Vitamin D May Improve Heart’s Response to a Stressor
Over time, the heart’s physiological reactions to stress can take a toll on the cardiovascular system, and possibly increase the risk of heart disease. A recent study suggests that taking a daily supplement of vitamin D may improve the heart’s response to a stressor.
Participants in the study included 13 healthy men and women with vitamin D deficiency. Over the course of 28 days, they were given a daily dose of 5,000 IU of vitamin D. Blood levels of vitamin D increased to sufficient levels after 28 days.
Before starting the supplementation, the participants were exposed to a heart stressor which resulted in an unfavorable shift in the sympatho-vagal balance. The sympatho-vagal balance is the interaction between the part of the nervous system that raises blood pressure and heart rate and the vagus nerve. Disruption of this balance can lead to the development of a serious cardiovascular event.
After completing the supplement period, participants were again exposed to the same heart stressor. This time the sympatho-vagal balance was maintained following exposure. Additionally, improvements were seen in the cardiac autonomic tone, which refers to the heart’s ability to return to normal following a stressor.
Researchers form the University of Calgary, the Libin Cardiovascular Institute of Alberta, and the Alberta Kidney Disease Network conducted the study. It was published on March 6, 2014, in American Journal of Hypertension.

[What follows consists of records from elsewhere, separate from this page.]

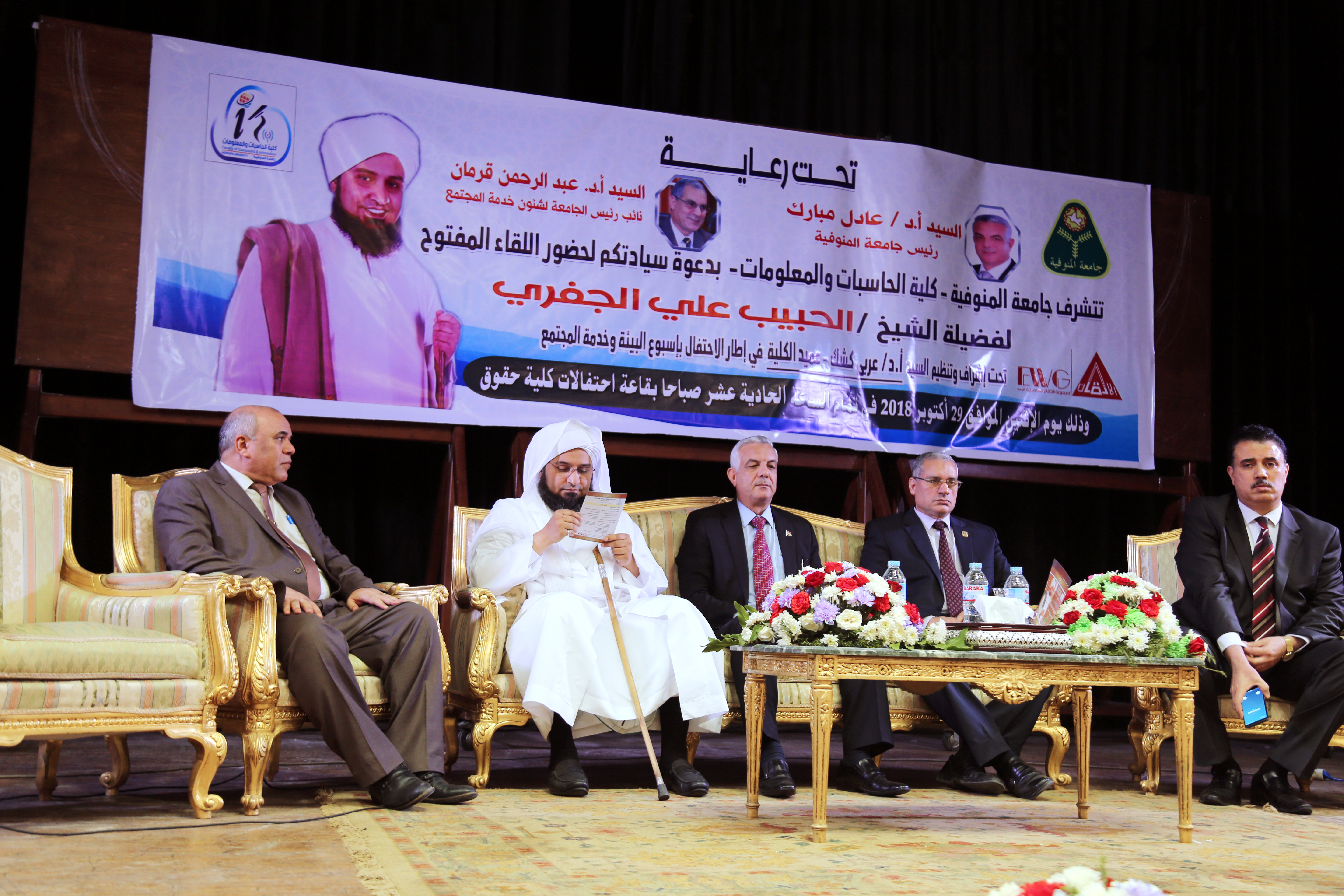 حضر الحبيب علي الجفري، في جمهورية مصر العربية، اللقاء المفتوح مع طلاب جامعة المنوفية اللقاء برعاية الدكتور عادل مبارك رئيس الجامعة والذي نظمته كلية الحاسبات والمعلومات، وذلك في ١٨ صفر 1440، الموافق ٢٩ من أكتوبر 2018.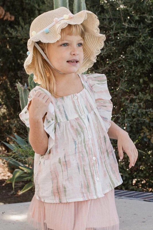 Your little one will love this cute ruffled top! Watercolor printed fabric, featuring a square neckline, ruffle capped short sleeves, and buttoned front. So adorable! Colors: Off white, light pink, and light olive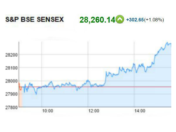 இன்றைய வர்த்தக முடிவில் சென்செக்ஸ் குறியீடு 302.65 புள்ளிகள் வரை உயர்ந்து 28,260.14 புள்ளிகளை அடைந்தது.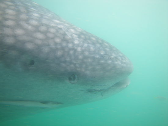 Insgesamt sahen wir 7 Walhaie und es war jedesmal ein Erlebnis, bis auf einen Meter konnten wir rankommen, da sieht man dann auch das riesige Maul....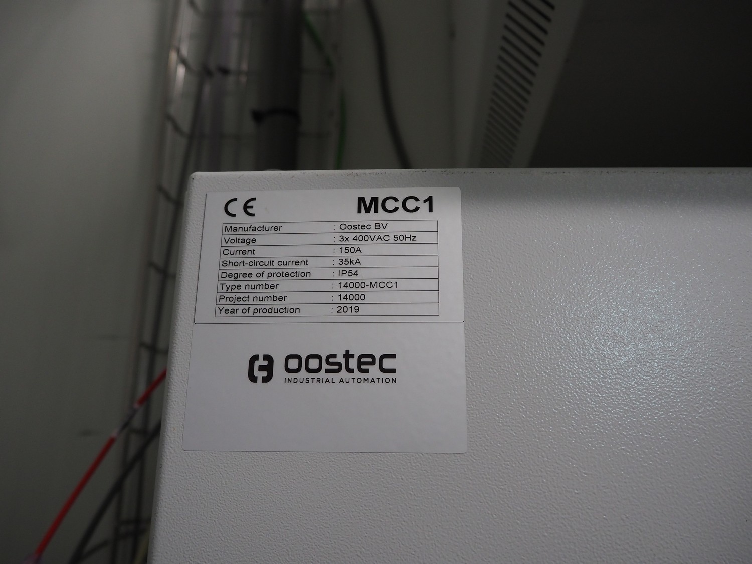 Oostec switch cabinet, type: 14000-MCC1, number: 14000, year of construction: 2019, 400 V, 3 Ph, 50 Hz, 150 A, dimensions: 3600 mm x 550 mm x 2000 mm.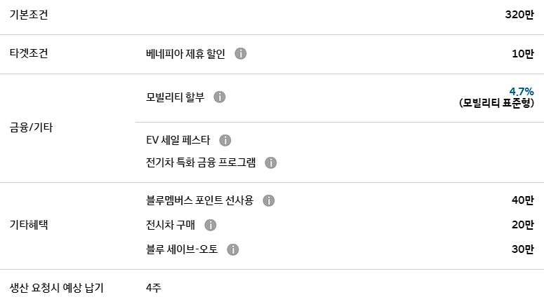 현대차 전기차의 구매 혜택도 다양합니다. 기본적으로 320만 원 차량 가격을 할인하며, 모빌리티 할부나 ev 세일 페스타를 통해서 추가 할인이 가능합니다.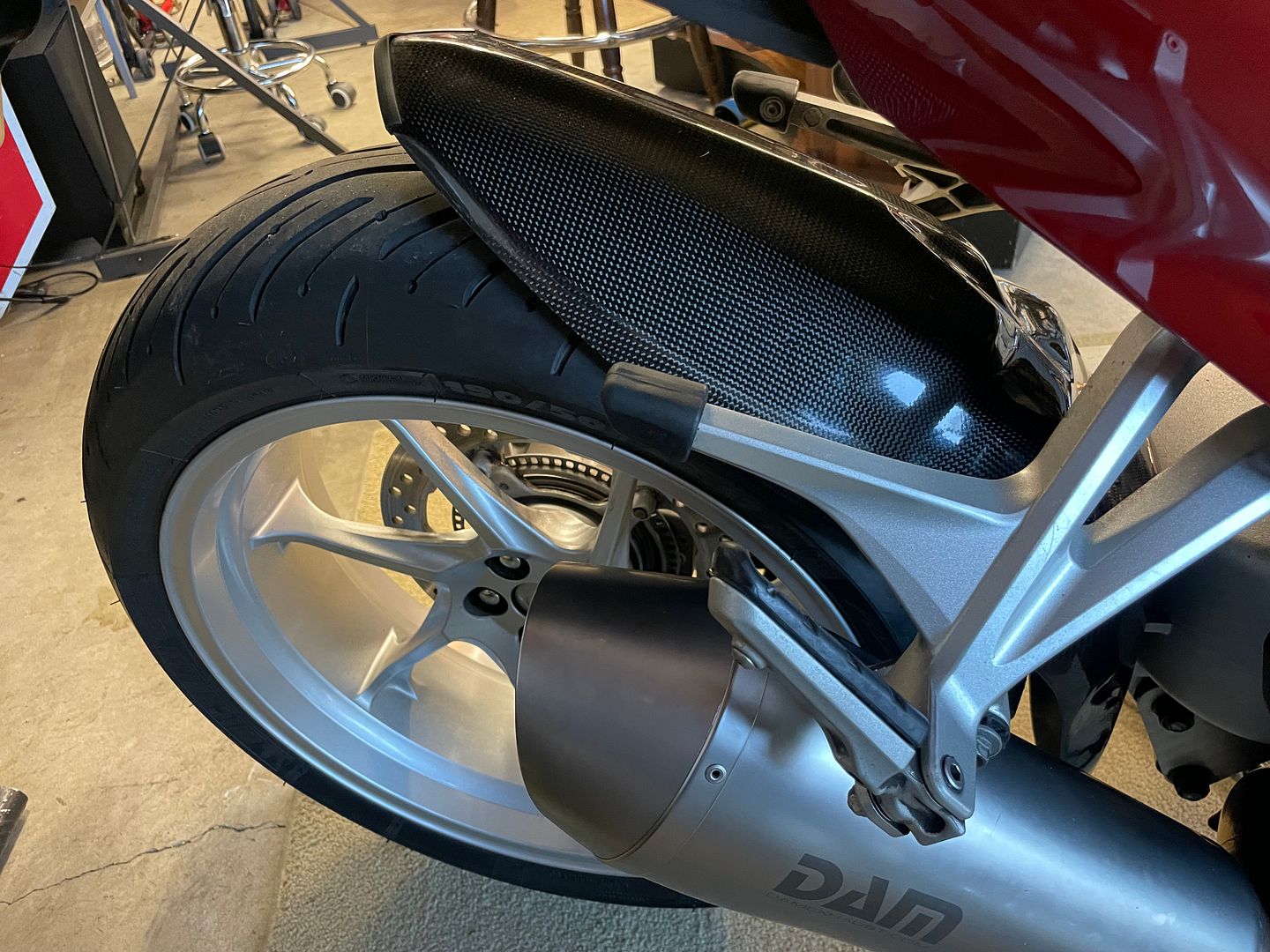 Reinstalled the carbin fibre rear hugger...it was crooked when I got it.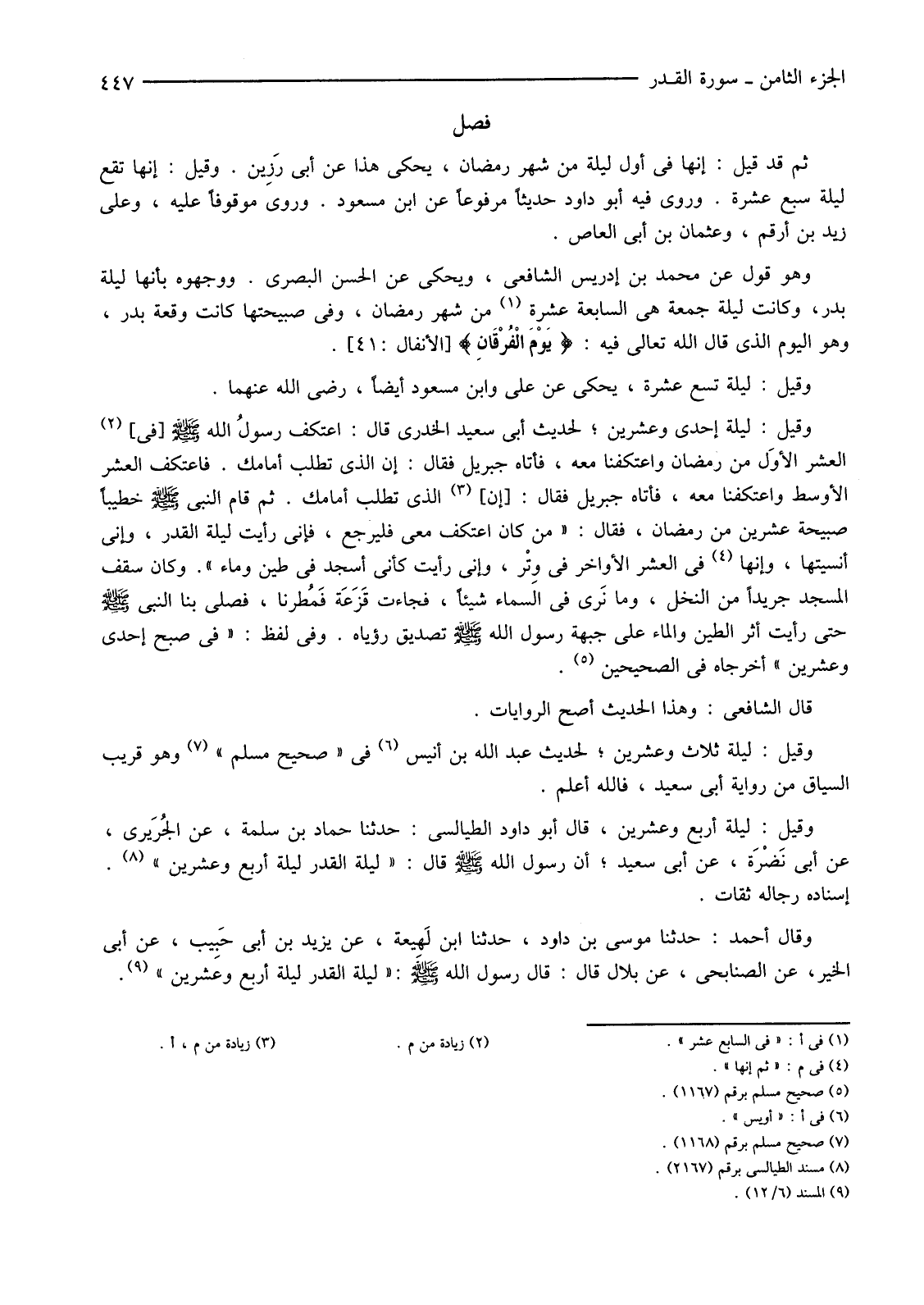 وَقِيلَ: لَيْلَةُ ثَلَاثٍ وَعِشْرِينَ؛ لِحَدِيثِ عَبْدِ اللَّهِ بْنِ أُنَيْسٍ (6) فِي "صَحِيحِ مُسْلِمٍ" (7) وَهُوَ قَرِيبُ السِّيَاقِ مِنْ رِوَايَةِ أَبِي سَعِيدٍ، فَاللَّهُ أَعْلَمُ.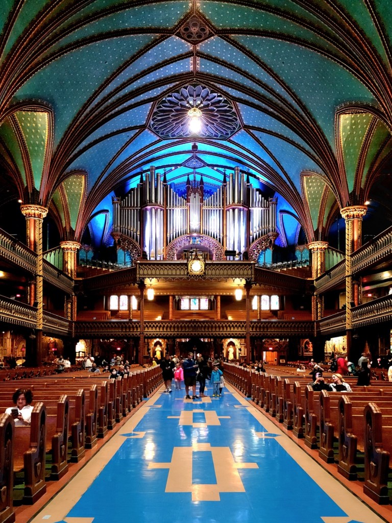 Notre-Dame Basilica was designed by James O’Donnell in a Gothic Revival style, and built behind the original parish church.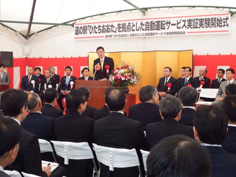 道の駅「ひたちおおた」を拠点とした自動運転サービス実証実験開始式に出席しました Published: 2017-11-18 道の駅「ひたちおおた」を拠点とした自動運転サービス実証実験開始式に出席しました。 13箇所で実証実験をするうちの1箇所が「ひたちおおた」です。地域への効果を期待します。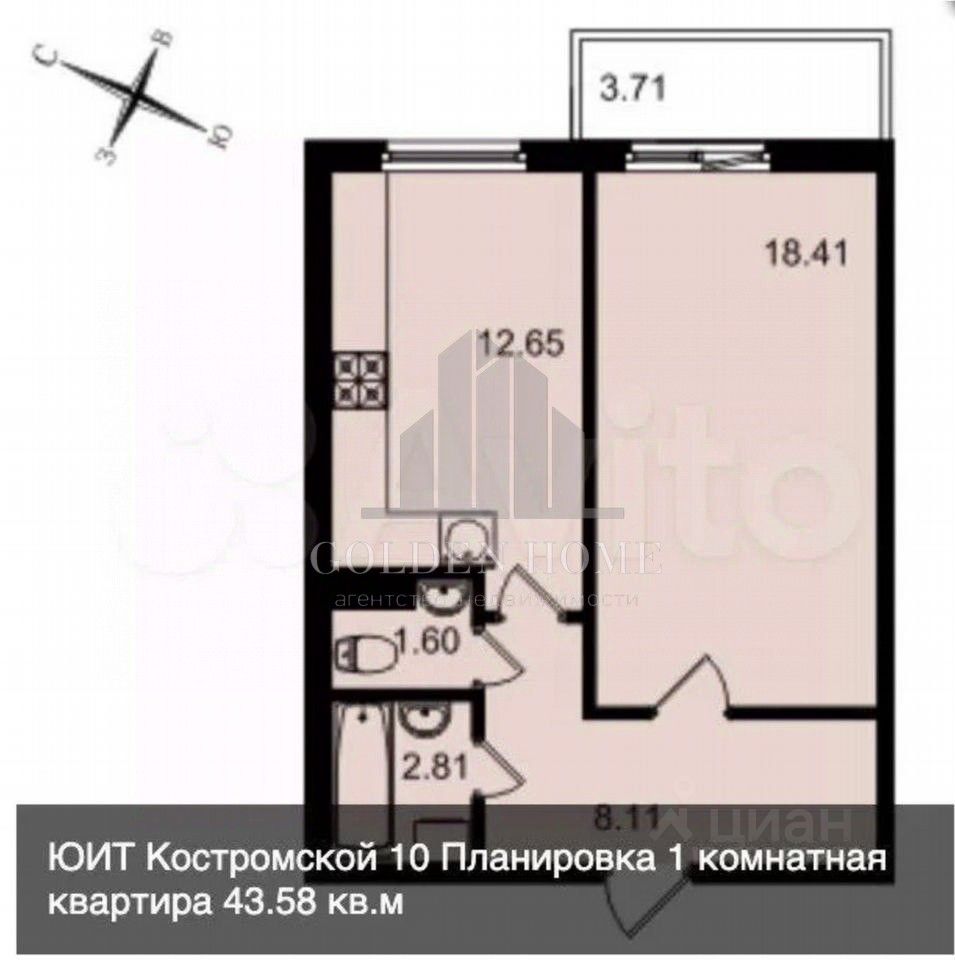 Арт. 127195663 Предлагается к сдаче просторная однокомнатная квартира в ЖК "Костромской 10"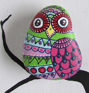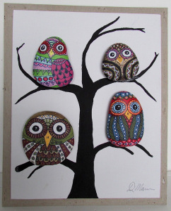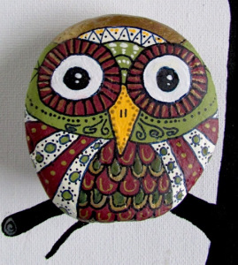 Once dried, I used heavy-duty construction glue to glue each owl in place on the canvas.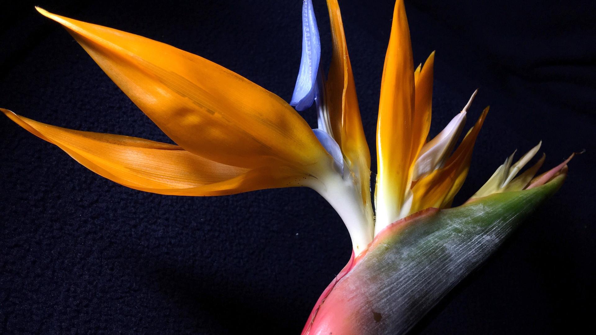 Обои Экзотический цветок стрелиция на черном фоне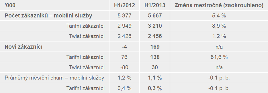 T‑Mobile hlásí, že za první pololetí celkem 169 tisíc zákazníků získal, a to přes průměrný měsíční úbytek 1,1 % zákazníků stávajících; tento ukazatel se mu podařilo drobně snížit z 1,2 % za loňské první pololetí.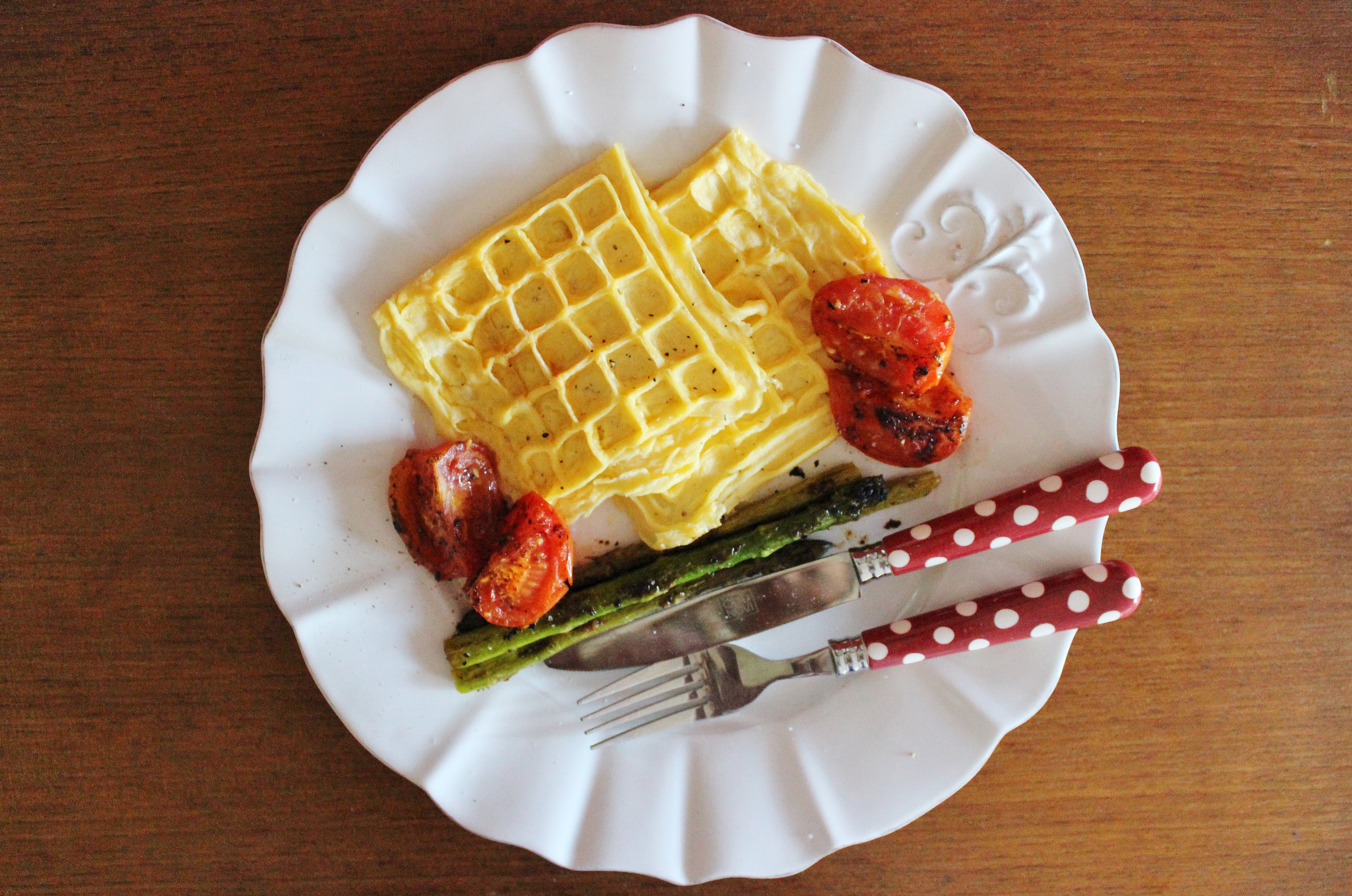 So even though I had intended on posting this tart today, I can’t. This waffle omelette (wamelette? Omelaffle?) needs to be introduced to the world. I’m too excited about it.
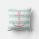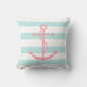 White Mint & Pink Wide Stripes Pattern Anchor Cushion

Previous studies have associated vitamin D with reducing the risk of skin cancer, reducing the risk of osteoporosis, combating diabetes, and improving age related macular degeneration.
Vitamin D can be found in milk, fortified cereals, fish, and eggs. Your body also processes vitamin D from the sun but it becomes harder for our bodies to process it as we age. A high quality vitamin D supplement is always a good option if you feel that you’re not getting enough through diet and sun.